Klinzman has a history of controversial social media posts. In one instance, he posted a rant against “evangelical Christians” on Facebook, in which he included a poem that read, in part: “Kill them all and bury them deep in the ground.”
The school removed Klinzman from a class and reportedly told him he would be fired if he did not resign; Klinzman subsequently tendered his resignation. The school’s president, Lori Sundberg, disputed Klinzman’s version of the story, saying the school did not give him that ultimatum but that they did remove him from the class. She cited campus safety as the motivating factor in that decision.

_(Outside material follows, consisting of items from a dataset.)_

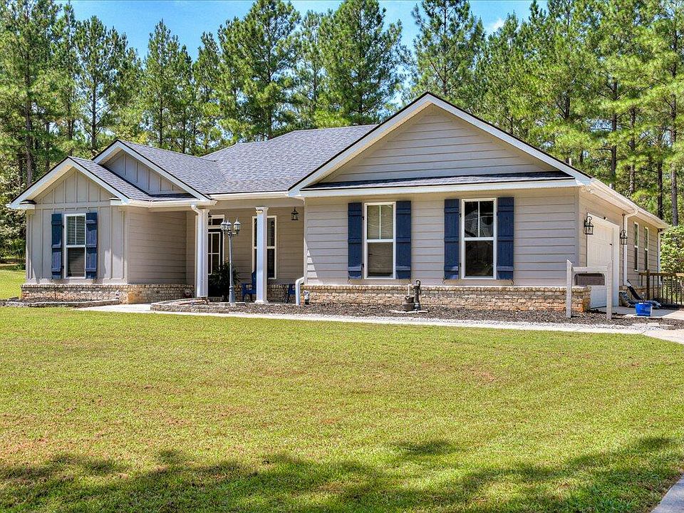 Better-than-new 4 bedroom home on 2.3 acres! Located in The Ridge in north Burke County, this 1,824-sq ft home has continuously been improved since its construction in 2018, with extras such as discretely placed solar panels (plus whole-house energy efficiency upgrades) that mean big $ off your power bill. With an open concept, split floorplan, the single-story design features an efficient flow, vaulted ceilings in the living room and 3 bedrooms, and lots of natural light. Kitchen offers granite counters, tile backsplash, beautiful apron-front farm sink, counter-height island with seating and a pantry. Primary suite features large walk-in closet and ensuite bathroom with garden tub and double vanity (with granite). Across the home, find 3 bedrooms and a spacious hall bath. (Special bonus: A custom reading nook and personal library tucked away in one of the bedrooms!). Outside the home, you'll find covered front and back porches, gutters around home, extended concrete driveway and parking pad, sprinkler system, 24x24-ft concrete pad ready for a shop or outbuilding, and fenced area for pets (with custom dog house). Enjoy plenty of space, privacy and the benefits of country living without sacrificing convenience. No HOA. Must see!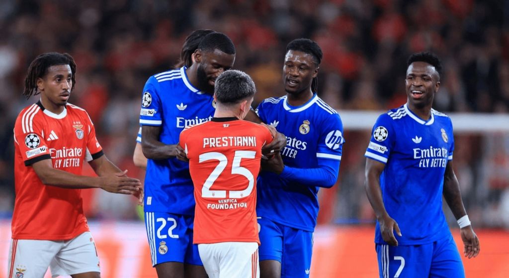 وتوقفت مباراة ذهاب الملحق المؤهل إلى ثمن نهائي مسابقة دوري أبطال أوروبا على ملعب النور في لشبونة، لأكثر من عشر دقائق بعدما تقدّم فينيسيوس بشكوى إلى الحكم الفرنسي فرانسوا لوتيكسييه بشأن الإساءة المزعومة إثر احتكاك بينه وبين بريستياني.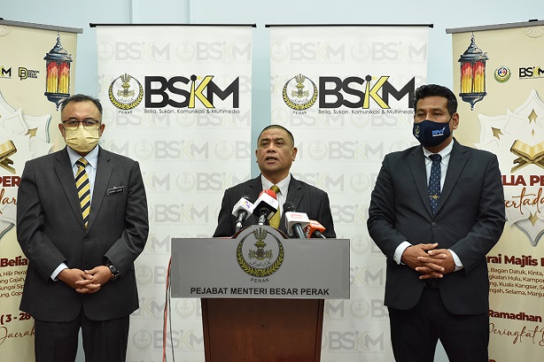 YAB Menteri Besar Perak ketika berucap di majlis pelancaran itu yang turut diiringi oleh YB Setiausaha Kerajaan Negeri dan YB Pengerusi Jawatankuasa Belia, Sukan, Komunikasi dan Multimedia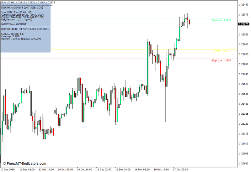 - The indicator would automatically compute and change the money management information that it displays based on the three lines.
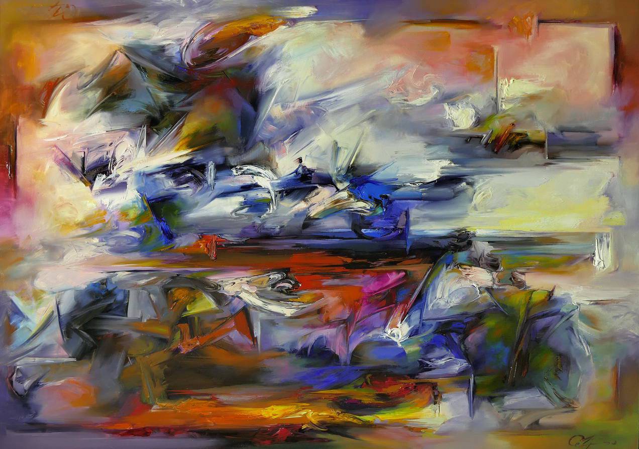 Zanurzony w kolorach jak w bajkowej krainie, obraz rzuca się w oczy niesamowitą mieszanką barw i kształtów. Dominuje tu błękit, który płynnie przechodzi w ciepłe odcienie pomarańczy i żółci, tworząc dynamiczną kompozycję. Ruch pędzla jest swobodny, jakby artysta tworzył taniec kolorów na płótnie. Atmosfera obrazu jest pełna energii i tajemnicy, z pewną nutą melancholii skrytej pod pierzyną niebieskiego. Styl przypomina abstrakcyjny ekspresjonizm, gdzie emocje są wyrażane przez intensywne barwy i szybsze pociągnięcia pędzla. Można się w tym zagubić, jak w gąszczu własnych myśli. Każdy może zobaczyć tu coś innego, może futrzaka biegnącego przez łąkę albo ocean podczas burzy. Kto wie? Ja widzę marzenie, które wyrywa się z zakamarków duszy. Wow, to jak patrzenie w chaos, który wciąga i nie daje spokoju. Dziecko powiedziało by: widzę tęcza z chmurkami. To jak poezja malowana pędzlem, trochę bliska, trochę odległa, taka dreamscape malarska.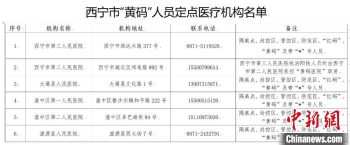 圖為西寧市“黃碼醫院”人員定點醫療機構名單。 西寧市新冠肺炎疫情防控處置工作指揮部供圖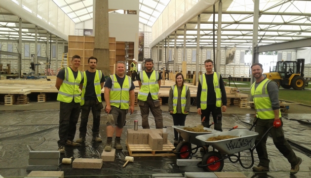 The MJT Landscapes team, together with Caitlin McLaughlin, on build day one of ‘Spring’ by Hillier for Chelsea Flower Show 2017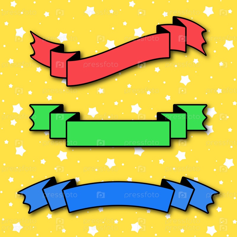 Набор цветных плоских изолированных ленточных баннеров на желтом фоне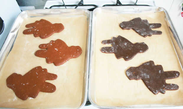 Cuando la masa es alrededor 1/4" densamente (prefiera!), recorta las formas y colocarlas bien separación en una bandeja forrada con.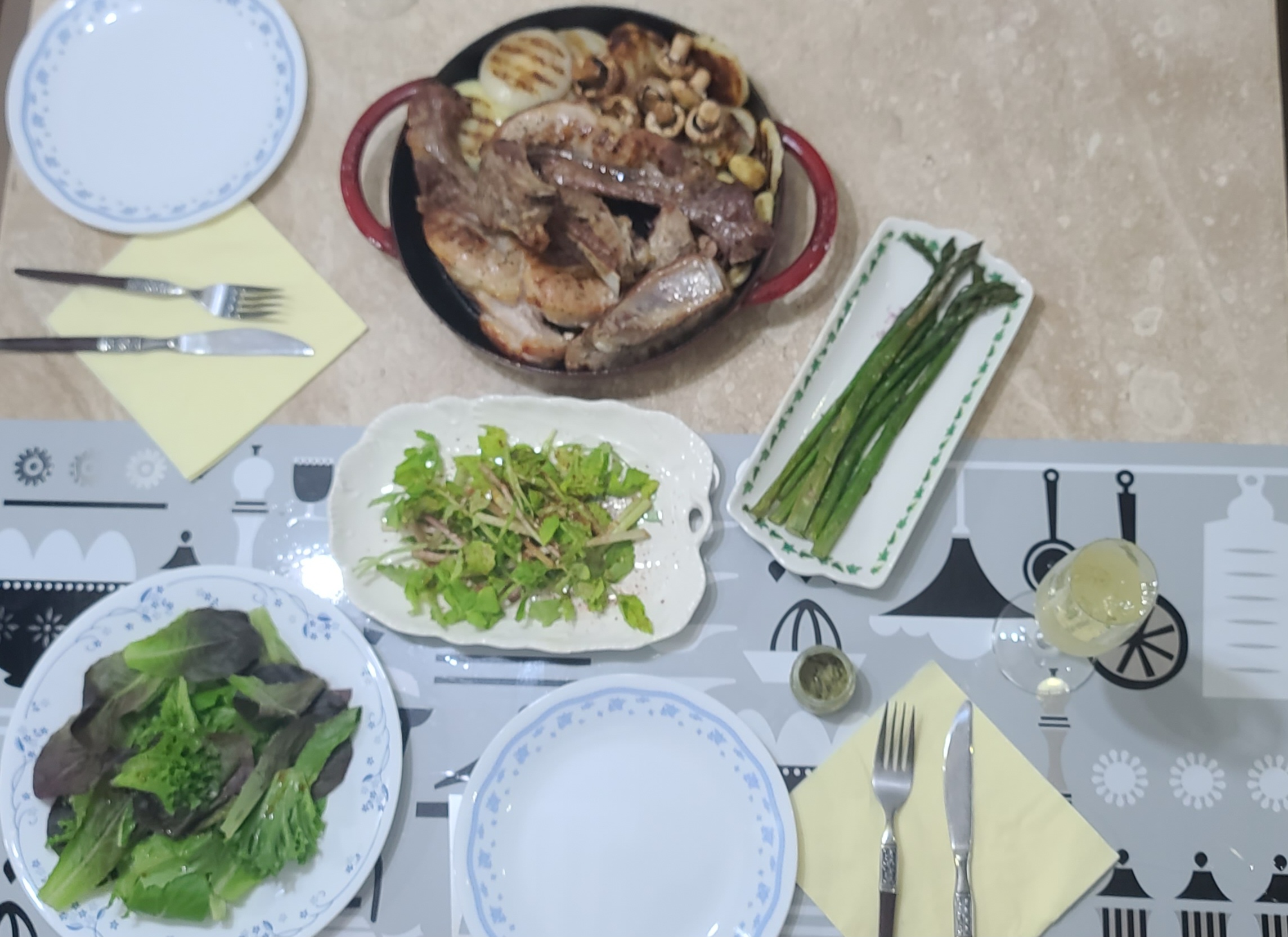 드라이에이징 돼지갈비에 어글리어스 아스파라거스에 스마트팜 무주원 ???의 샐러드 믹스. 이날 고기를 넘 많이 먹어서 이후 고기가 안 땡김.
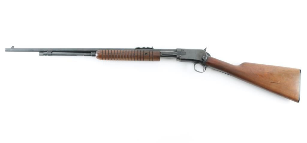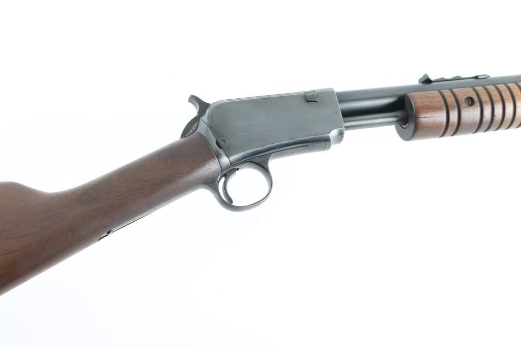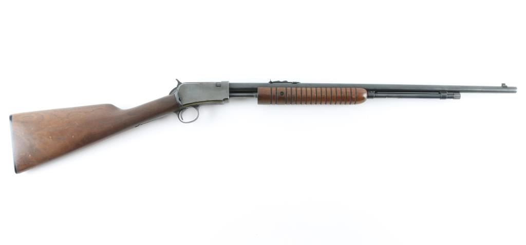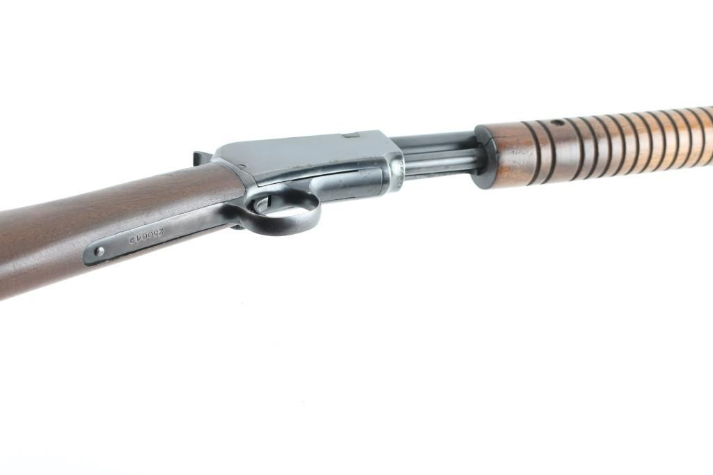 Pump action rimfire rifle manufactured circa 1948. Chambered for .22 S, L. LR. Features blued finish, grooved wood pump handle, wood butt with straight grip area, checkered plastic factory buttplate, 23" barrel, blade front & sporting rear sights, magazine tube under barrel, external hammer, take down screw in receiver. Bore is very good condition. Retains 85% blue with bare metal on edges & corners and where pump handle rubs on mag tube, handling loss on the tangs. Letters on barrel retain sharp edges. Wood is very good+ with some minor scratches. Numbers match on receiver cover & lower tang. A fine example for its age. NRA Condition-Near excellent. C&R Firearm.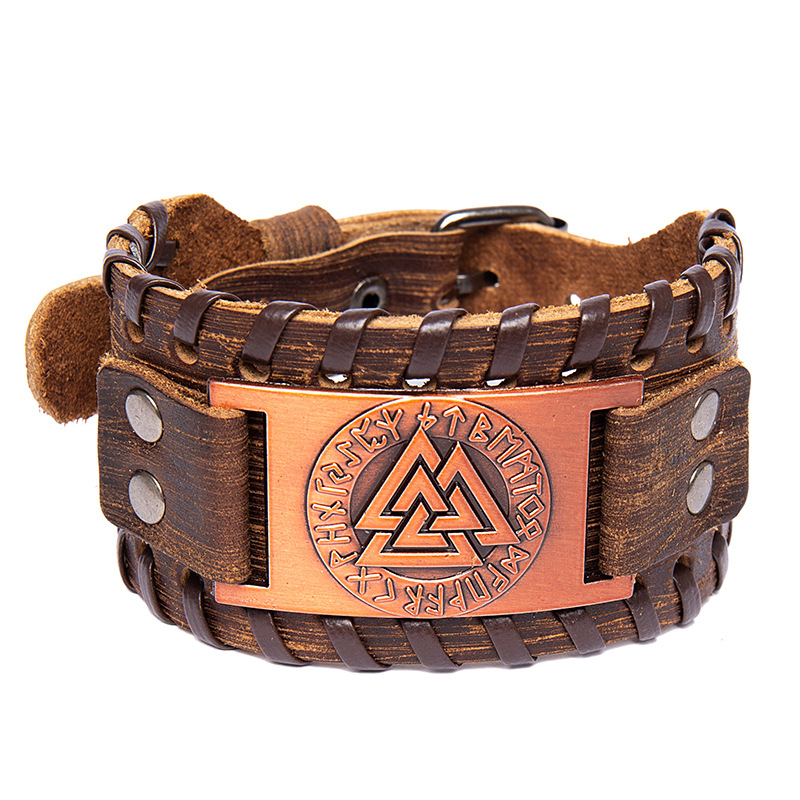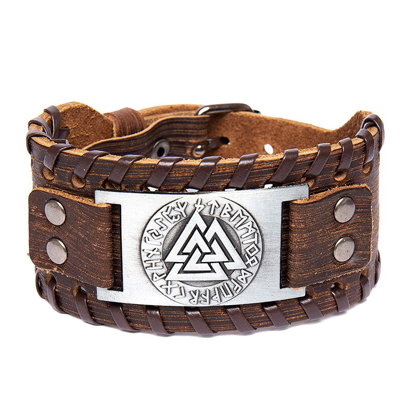 Vintage Viking Symbol Leather Wristband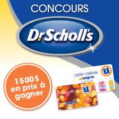 Pour participer au concours, procurez-vous un produit de la gamme Dr.Scholl’s, à l’exception des produits électriques, dans les succursales Uniprix participantes pendant la période allant du 11 juin au 8 juillet 2015, ET allez remplir le formulaire de participation en ligne (au www.uniprix.com/fr/concours) en y indiquant …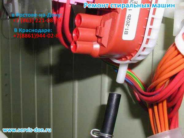 Предварительно ослабив плоскогубцами хомут на шланге идущий от емкости прессостата. Шланг идущий от прессостата отсоединяем и снимаем шланг с манжеты дверцы машины.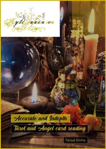 The second image is a promotional poster for a book titled 'Accurate and Insight Tarot and Angel Card Reading' by Tanaya Sinha. The poster features a mystical and warm setting with various items such as a lit candle, a crystal ball, a stack of books, and a vase with flowers. The background is adorned with ornate golden... | Accurate and Indepth Tarot and Angel card reading | ea839723acd810fb7f0c2ad984914bb84c9ba54e5d6d476cc17240ef9f8bde02 | 000910719671 | 0 | 0 | 89 | 8 | 0 | 0 | |
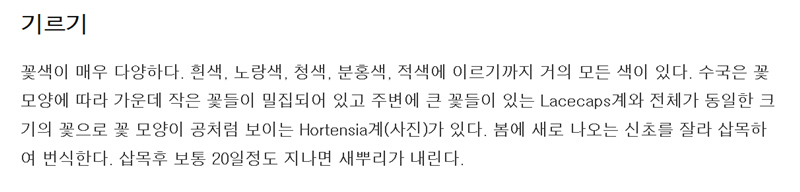 4. 수국은 흰색, 노란색, 푸른색, 분홍색 등 매우 다채로운 색의 꽃을 피웁니다. 봄에 새로 돋아나는 건강한 새순을 잘라 흙에 꽂아두는 삽목(꺾꽂이)으로 쉽게 번식시킬 수 있습니다. 흙에 꽂아두고 약 20일 정도가 지나면 새로운 뿌리가 내리기 시작합니다.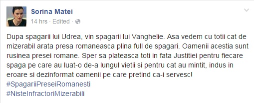 „După șpăgarii lui Udrea, vin șpăgarii lui Vanghelie. Așa vedem cu toții cât de mizerabil arată presa românească plină full de șpăgari. Oamenii aceștia sunt rușinea presei române. Sper să plătească toți în fața justiției pentru fiecare șpagă pe care au luat-o de-a lungul vieții și pentru cât au mințit, indus în eroare și dezinformat oamenii pe care pretind că-i servesc”, scrie Sorina Matei pe pagina de socializare.

Now, according to news reports, Klinzman is suing his former employer. The professor will sue the institution “for how officials handled blowback to his controversial online statements, Law & Crime reports.
That outlet also notes that the Foundation for Individual Rights in Education, a campus watchdog group, criticized the university’s handling of the controversy:
There is little doubt that institutions face difficult choices in responding to concerns for public and student safety [FIRE wrote], but public institutions like Kirkwood have a First Amendment obligation to avoid placing that burden on the speaker as an expedient shortcut to ending the controversy. Doing so capitulates to the heckler’s veto. As the United States Court of Appeals for the Sixth Circuit has explained, the ‘heckler’s veto will nearly always be susceptible to being reimagined and repackaged as a means for protecting the public, or the speaker himself, from actual or impending harm.’
Sundberg stated that she feels she made the right decision.
“[A]t the end of the day for me, if I’m found legally wrong on this, I can live with that. But if I make a wrong decision regarding the safety of the students, and he’s harmed, our students are harmed, or other faculty are harmed, I can’t live with that,” she said.